# INFORMATION SHOWN:
---------------
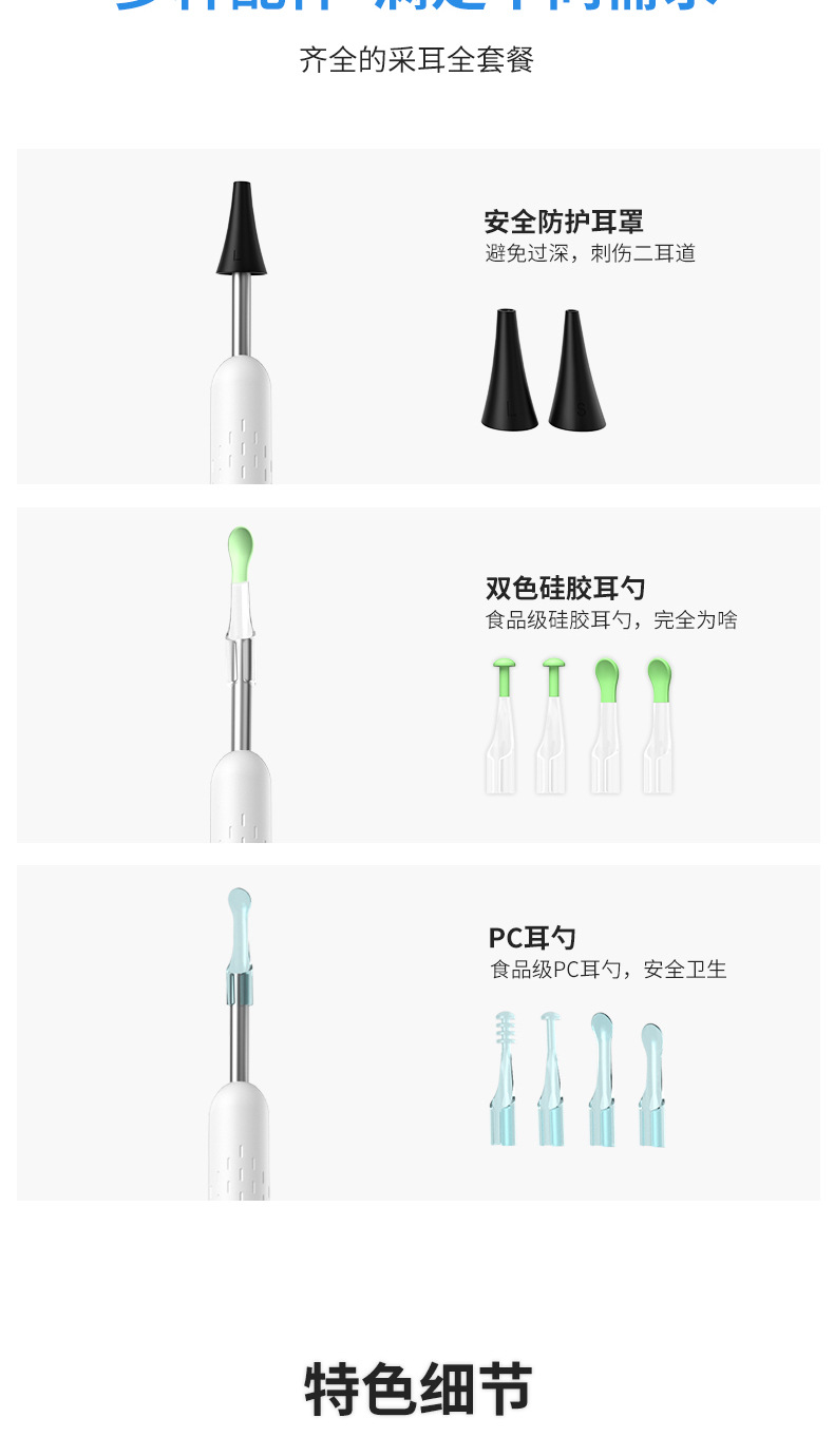 | Tipo de cuchara de oreja | Brillante,Juego de cuchara de oreja,Con zoom |
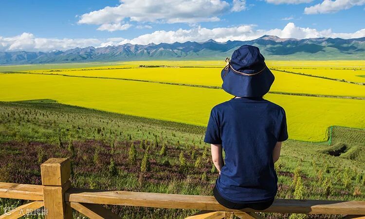 15 : 30适时到达【门源花海】(花期预计为6月末到7月末)。远方耸立着雄伟的祁连山脉,山脉的峰顶上【岗什卡雪山】(也称冷龙岭)白雪皑皑,百里油菜花海就在祁连山和达坂山之间呈现出一幅气势磅礴的天然画卷,这里可欣赏中国最壮观的油菜花海景观
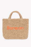 Borsa con logo ricamato in paglia
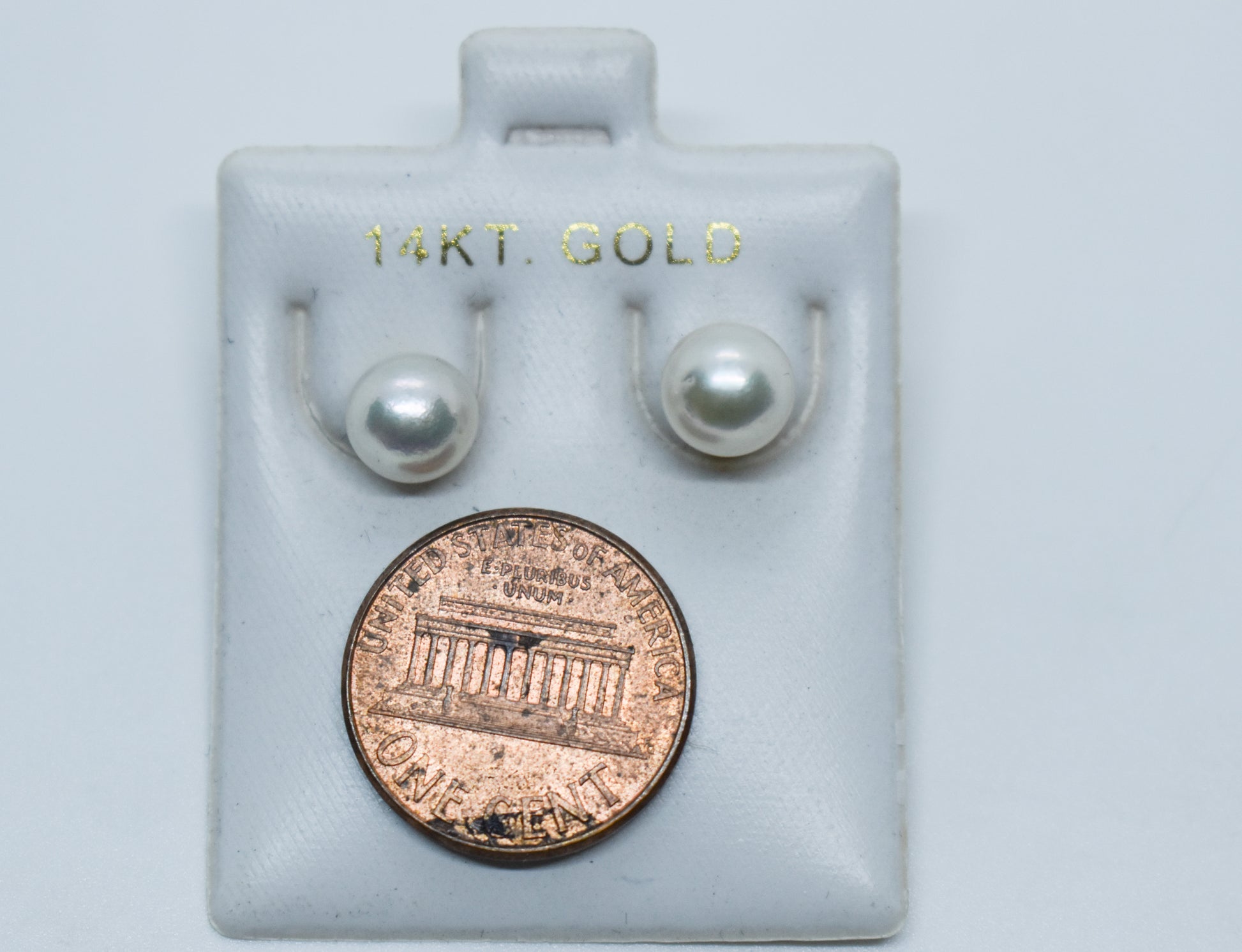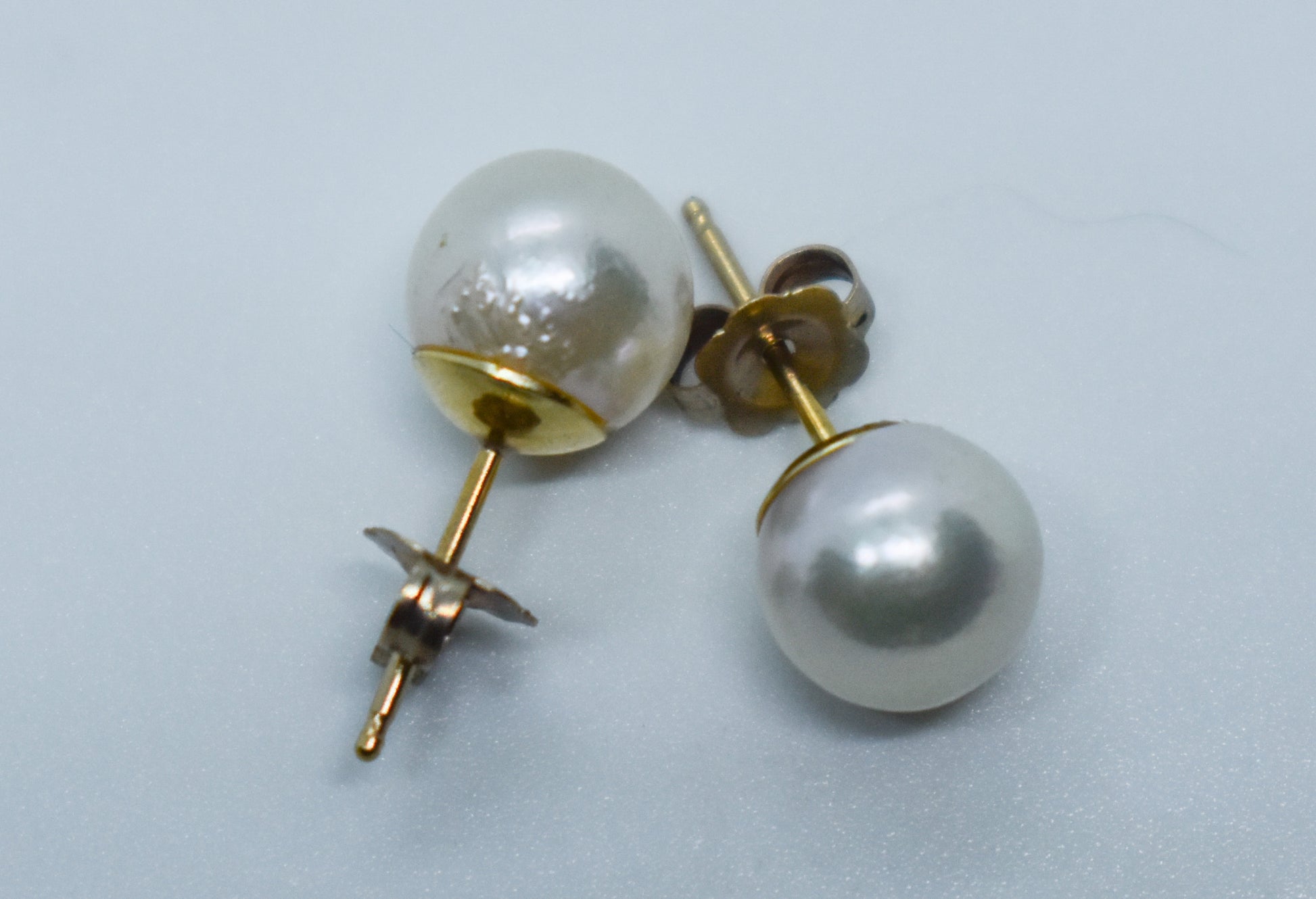 Vintage 14k Yellow Gold 7mm Pearl Stud Earrings
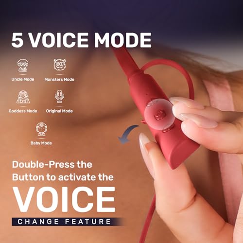 Ultra Voice Changer Neckband with 5 Voice Feature, Vibration Alert & Magnetic On/Off Buds, 130 Hrs Standby time, Dual Pairing, Fast Charging, Flexible Band with IPX6 Rating (Red)
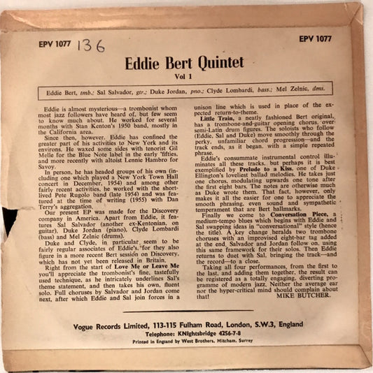 Eddie Bert Quintet - Vol. 1 - UK 7" 1955 - VG
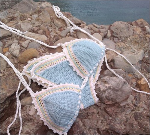 Áo tắm đan móc nghe có vẻ hơi "quê mùa" nhưng thực chất lại là kiểu đồ tắm khiến mọi cô nàng vẫn khoe được nét bốc lửa mà không sợ bị nói là khoe cơ thể quá đà.
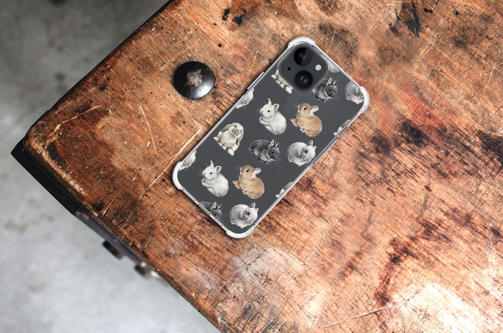 Wist je dat er wel 50 verschillende konijnenrassen zijn die zich onderscheiden in kleur, vacht, bouw en formaat? Daarom kon dit design met konijntjes eigenlijk niet ontbreken in onze collectie hoesjes. Wij zijn in ieder geval helemaal verliefd op deze schattige konijntjes. Dit design wordt geprint op een Case Anti-shock speciaal op maat gemaakt voor de iPhone 15. Ook fijn zijn de extra dikke hoeken en randen, waardoor je smartphone goed beschermd is bij een val. Alleen de achterkant van je telefoon wordt beschermd. Daarom adviseren wij om dit hoesje in combinatie met een screenprotector te gebruiken. Bestel vandaag nog dit telefoonhoesje met super schattige konijntjes!
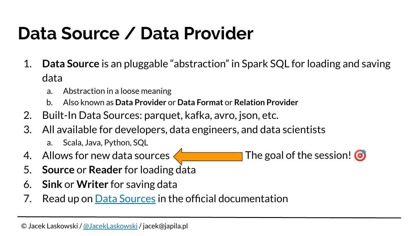Spark SQL 2.4.x gives you two Data Source APIs that your structured queries can use to access data in custom formats, possibly in unsupported storage systems. There is the older and almost legacy DataSource API V1 and what you can consider a modern DataSource API V2. This talk will introduce you to the main entities of each DataSource API and show you the steps how to write a new data source live on stage. That should give you enough knowledge on expanding available data sources in Spark SQL with new ones.
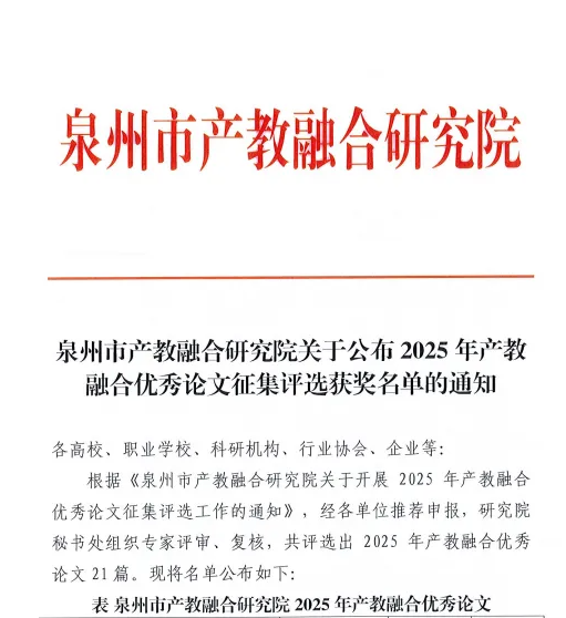 (新闻中心讯 教务处供稿 党委宣传部报道)近日,泉州市产教融合研究院正式发布2025年产教融合优秀论文评选结果,我校喜获佳绩,共有三篇论文脱颖而出。
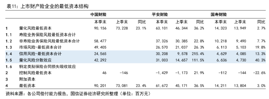 在最低资本方面,中国财险同比上涨23%,太保财险24%,平安财险37%,国寿财险3%。
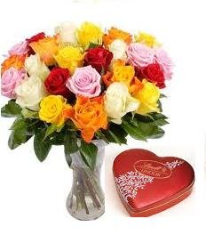 Multicolored Roses / lindt heart24 Multicolored Roses / lindt heart box red pink orange pomelo peach yellow
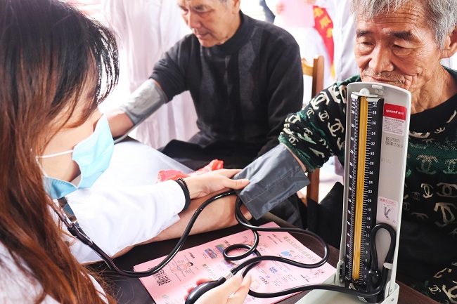 活动通过悬挂横幅、发放宣传手册和福州话讲解等方式向来往的村民宣传社区健康常识。当天服务村民近百人,热心的志愿者们也受到广大村民的热情欢迎。志愿者们尽职尽责,对村民进行血压测量,针对每个村民的不同情况,耐心地叮嘱他们各种日常注意事项,详细介绍预防老年人常见疾病知识,提出合理的膳食、运动等生活指导,做到“未病先防”“既病防变”“预后防复”等。
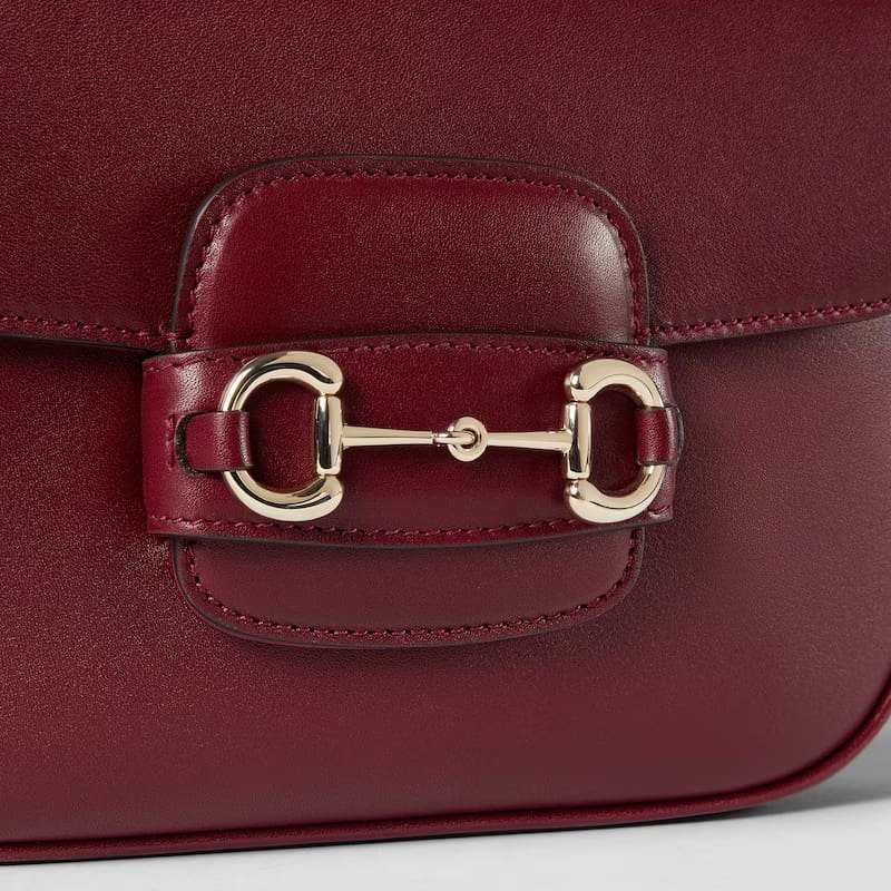 The Gucci Horsebit 1955 Soft continues to highlight its iconic double ring and bar hardware. This mini shoulder bag style is crafted from Gucci Rosso Ancora red soft leather with natural shine.
---------------
# WORK REQUIRED:
Leave the pictures out and output exactly the lines above, from the start of the listing through the line with "Wist je dat".

# ANSWER:
 | Tipo de cuchara de oreja | Brillante,Juego de cuchara de oreja,Con zoom |
 15 : 30适时到达【门源花海】(花期预计为6月末到7月末)。远方耸立着雄伟的祁连山脉,山脉的峰顶上【岗什卡雪山】(也称冷龙岭)白雪皑皑,百里油菜花海就在祁连山和达坂山之间呈现出一幅气势磅礴的天然画卷,这里可欣赏中国最壮观的油菜花海景观
 Borsa con logo ricamato in paglia
 Vintage 14k Yellow Gold 7mm Pearl Stud Earrings
 Ultra Voice Changer Neckband with 5 Voice Feature, Vibration Alert & Magnetic On/Off Buds, 130 Hrs Standby time, Dual Pairing, Fast Charging, Flexible Band with IPX6 Rating (Red)
 Eddie Bert Quintet - Vol. 1 - UK 7" 1955 - VG
 Áo tắm đan móc nghe có vẻ hơi "quê mùa" nhưng thực chất lại là kiểu đồ tắm khiến mọi cô nàng vẫn khoe được nét bốc lửa mà không sợ bị nói là khoe cơ thể quá đà.
 Wist je dat er wel 50 verschillende konijnenrassen zijn die zich onderscheiden in kleur, vacht, bouw en formaat? Daarom kon dit design met konijntjes eigenlijk niet ontbreken in onze collectie hoesjes. Wij zijn in ieder geval helemaal verliefd op deze schattige konijntjes. Dit design wordt geprint op een Case Anti-shock speciaal op maat gemaakt voor de iPhone 15. Ook fijn zijn de extra dikke hoeken en randen, waardoor je smartphone goed beschermd is bij een val. Alleen de achterkant van je telefoon wordt beschermd. Daarom adviseren wij om dit hoesje in combinatie met een screenprotector te gebruiken. Bestel vandaag nog dit telefoonhoesje met super schattige konijntjes!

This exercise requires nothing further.